Sometimes leadership is listening. Ask, probe, guide, lead by example, but don’t dictate. At any rate, this is how I am trying to continue to develop.

What drives you to be successful?

I subscribe to the campground rule: leave the world a better place than you found it.

What questions do you often ask yourself?

What am I missing?

Why don’t I see it the way x person does?

How do you ensure Fort Mason’s and its activities are aligned with your “core values”?

Provide gentle guidance. At the beginning of every year, talk to the staff and board about our values, what we are going to accomplish, how we are going to get there, what are the rules of the road. Big picture overview; enunciate higher principles; assure everyone explicitly thinks at least once a year about them.

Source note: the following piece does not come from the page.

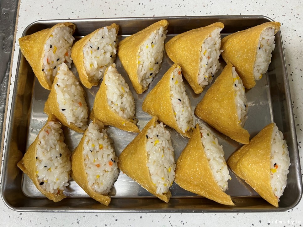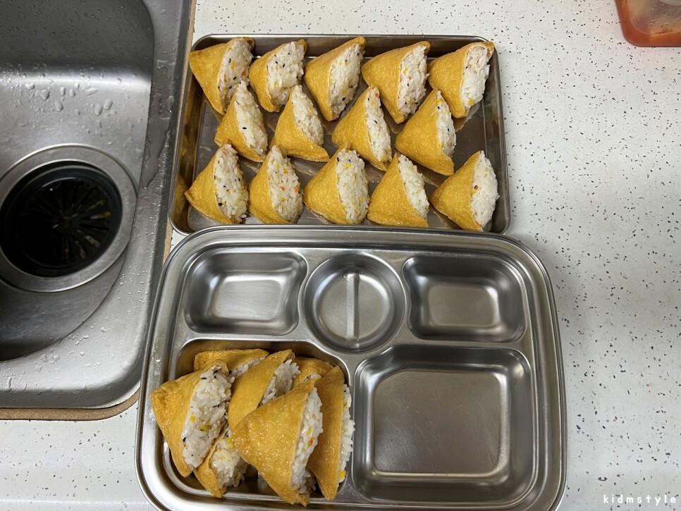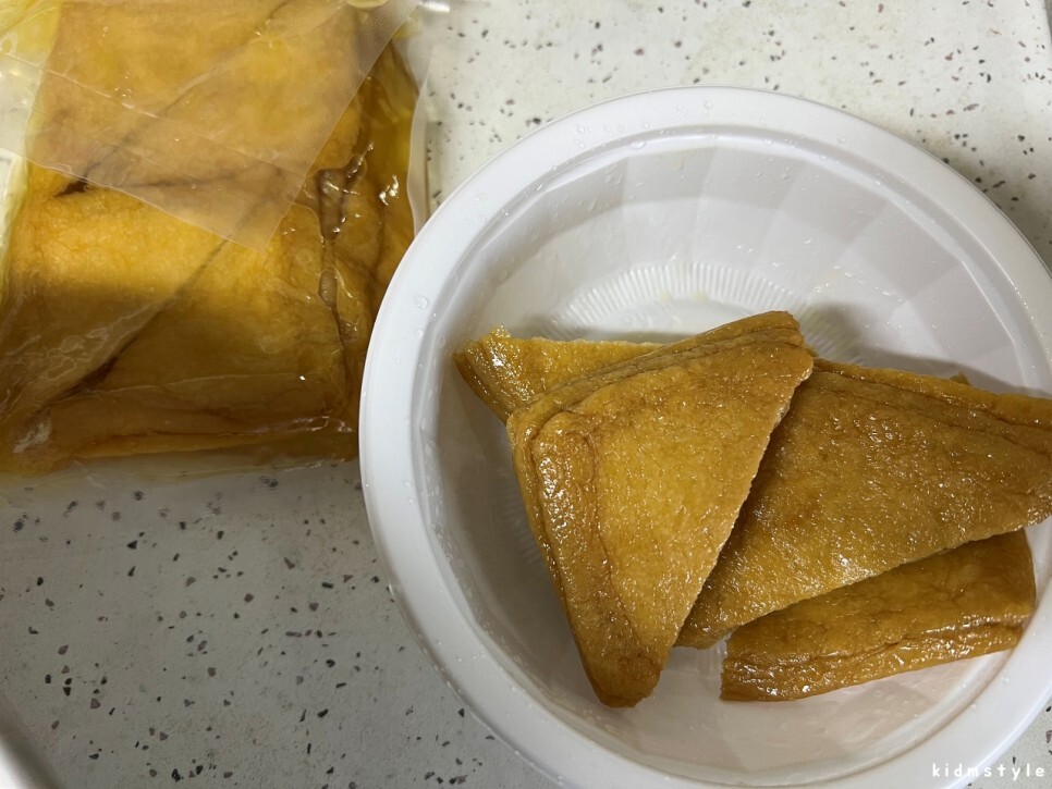 이 제품은 삼각형이라 좋다. 사각형 유부피보다 삼각형 모양이 밥을 넣기가 더 쉽다.

Banish excuses. And then stand back. 

What is the biggest challenge leaders in urban planning face today?

Distrust of government. Few people trust government like we once did. “Everything thing is a conspiracy. Every politician and bureaucrat is a crook.”

Lack of common knowledge base and source of information. We have limitless sources of information online but no one is editing it. Anyone can say anything and who with knowledge and authority is to contradict? We often empower the least informed among us. And these two factors reinforce each other in negative ways.

What are the most important traits of successful leaders in urban planning today?

Ability to listen and HEAR – take in all viewpoints. 

Understand that your role is to make a considered recommendation to the elected decision maker. You must be able to enunciate all sides of the issue to that decision maker, let go and let the decision maker do as she sees fit, and resist any thought of ever embarrassing him/her. If you can’t do this, go sell shoes, or get yourself elected to public office.

What sacrifices do you make as a leader?

You have to meet the public when and where they are. This means night meetings on their turf. It also means putting yourself out in public for whatever comes down. 

Home life suffers.

This is the first of a series of interviews I am committed to conduct of today’s leaders in urban planning and gain insight in their leadership qualities and how they have been successful.